I can whittle away even more area by applying some additional constraints. After two years in the Caribbean I am so over being hot. That chops off the Gulf Coast States and South Carolina and Georgia. Eastern North Carolina and the Tidewater area of Virginia can get hot but not quite as bad as the Deep South. Further north is the area I lived in the longest and holds less appeal just for that reason. Rhode Island, Massachusetts, and New Hampshire are all closely tied to Boston. I’m sure it’s a very nice area and I’m sure Boston is fine as “cities” go but I’m from New York. That’s all I’m going to say about that. I spent the summer in Maine a few years ago and have visited the state on several occasions during winter. What I remember is that the summers are lovely and the winters are cold enough to freeze electricity. That might make working online a bit difficult. I’m not ready to rule Maine out but I think I need to keep looking.

Then there’s the West Coast. I am reminded of an old cover from the New Yorker magazine which depicts how a New York native looks at the rest of the country. Manhattan and the other four boroughs loom largest followed closely by Upstate New York, New Jersey and Florida. Go figure. Forty-six other states are unidentifiably scattered across the page where, in the distance, California appears as it should. Hmmm…. California. The Land of Fruits and Nuts. I could fit right in. I’ve spent a lot of time in California. I really like Northern California. It’s cool – in all the possible ways it can be. Unfortunately, through an accident of Geology, it is attached to Southern California.  On one hand SoCal provides the State a seemingly endless string of has-been actors to serve as governor. On the other it serves as the cultural drain of the nation. Sucking talent and creativity from the rest of the Country it chokes back up the mind-numbing plumbing clogs that pass for entertainment but are really just a vector for advertising as infectious as a swarm of malarial anopheles. I best stop now before this turns into a “Kill Your TV” rant. I probably should avoid anyplace that could make me, if this is even possible, more cynical.  I marked an “X” next to California.

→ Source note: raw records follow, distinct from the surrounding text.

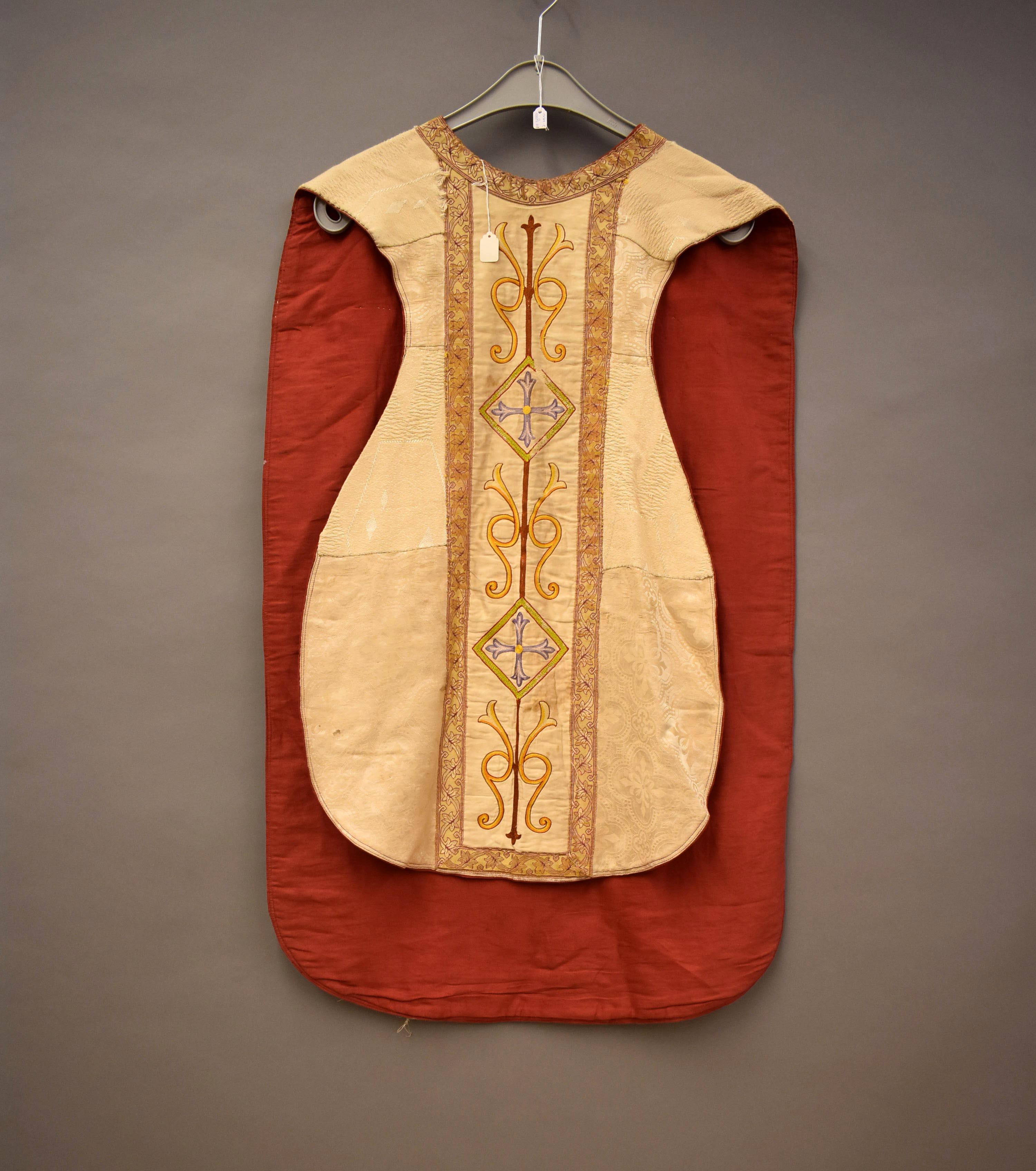 Kleding kindsheid, crème kazuifel met ingeweven vierpassen met bloemmotief, galon, achter IHS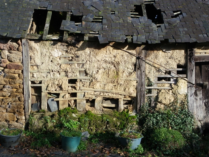 Saint-Georges-de-Reintembault, la Motte, torchis et pan de bois sur dépendance.Immatriculation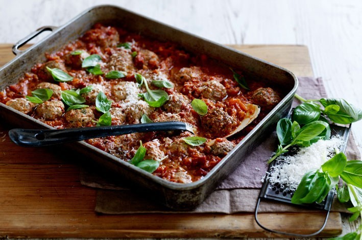 Preheat oven 200°C/180°C fan forced. Ladle sauce into an ovenproof dish. Add the meatballs, poking them into the sauce but leaving approx 1 cm of meat exposed. Transfer to oven, bake for 45 minutes or until cooked through.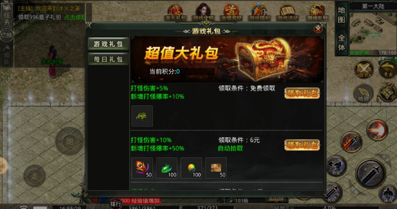 礼包奖励:冰火之精*100,五彩神石*100,乾坤水晶*100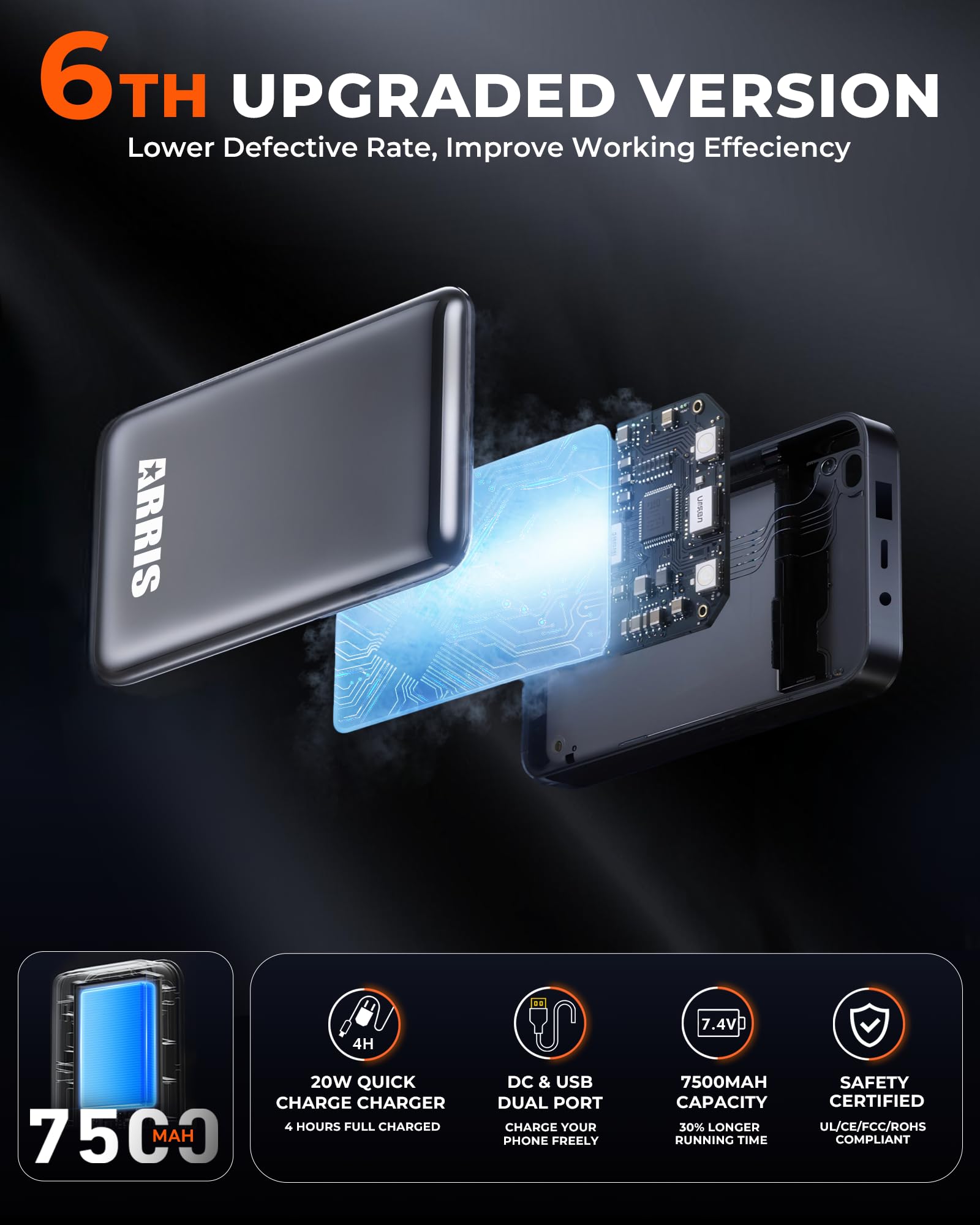 Thanks to the increased capacity of the 7.4V 7500mAh battery, which delivers performance equal to market-leading 3.7V 15000mAh power banks with higher efficiency.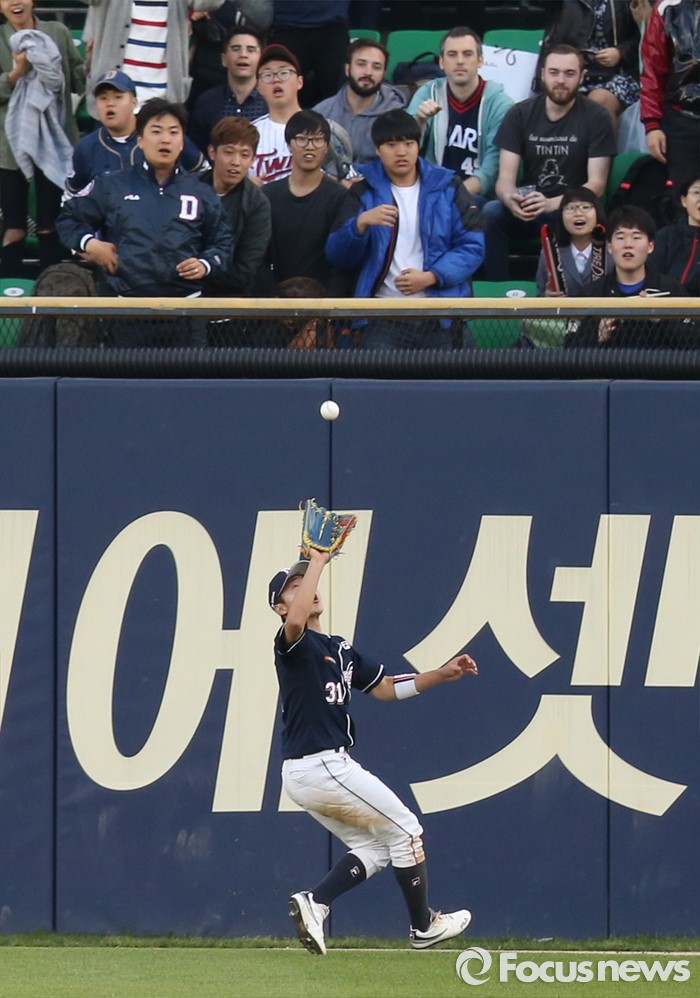 (서울=포커스뉴스) 4일 서울 잠실구장에서 열린 2016 프로야구 두산-LG 경기 1회말 2사 2루에서 두산 중견수 정수빈이 LG 히메네스의 타구를 펜스 앞에서 잡고 있다.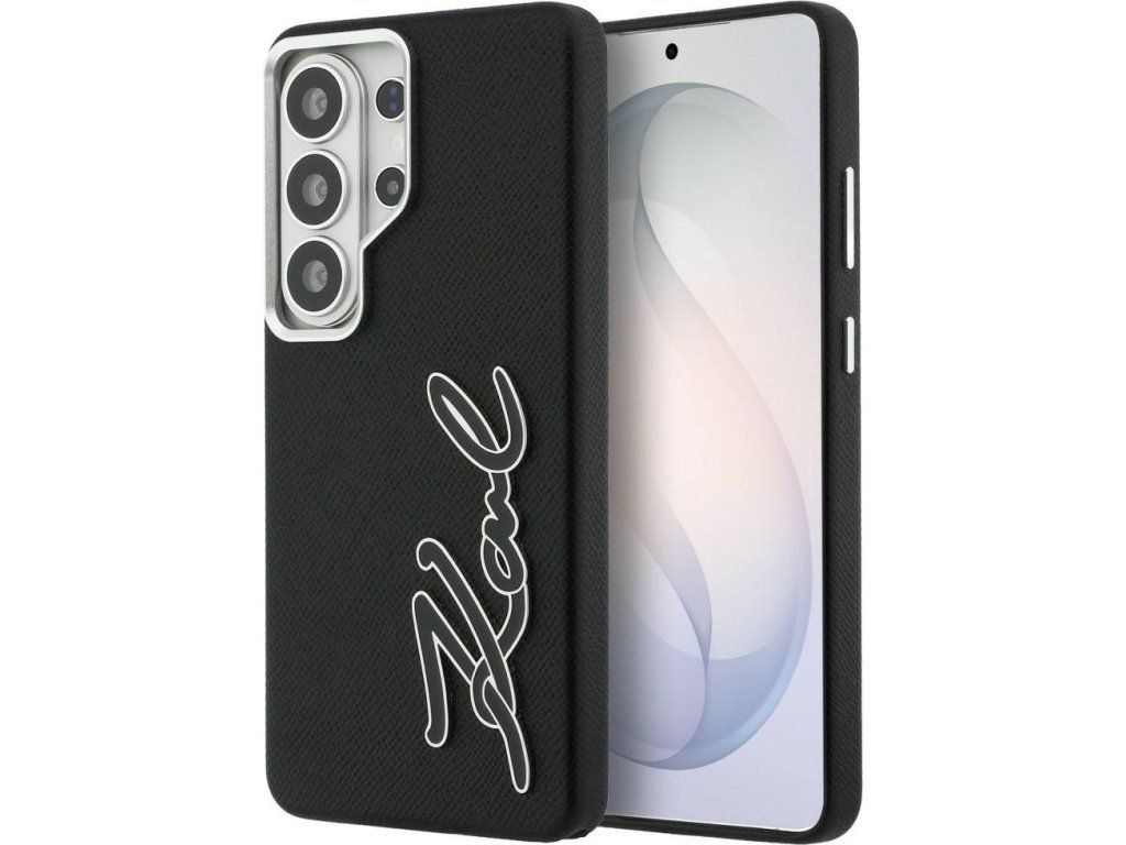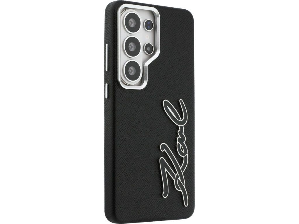 Karl Lagerfeld kryt Grained Signature Metal Resin Logo pro Samsung Galaxy S26 Ultra black

On that same magazine cover were a couple of insignificant smudges just north of California. I learned several decades later that they were actual States out there and not parts of Canada. They had names – Oregon and Washington – and, believe it or not, people lived there. Wow, I wonder what they’re like. I started looking, and what I saw through the brief faint holes in the rain-saturated clouds was very interesting indeed. Friends in the East warned me that it was dreary and everybody committed suicide. Not only was the populace not walking around in a depressive funk – statistically, Washington barely breaks into the top half, Oregon is much higher up but then it is also closer to California – but the inhabitants of the area whom I’ve met seem happy and well-adjusted. While that may make it difficult for me to fit in I figured it might be worth a shot. The Pacific Northwest is definitely on the list That pretty much summarizes what I’m going to be doing over the next couple of months. I’ve got to make a decision about where I’m going to let myself dry out and I’ll report in regularly. Flitting about endlessly is probably not my best strategy in the long term. However, I do have to acknowledge a certain wanderlust on my part and, regardless of where my roots start to grow, reserve the right to rip myself up and replant myself in the rich, fertile soil of California.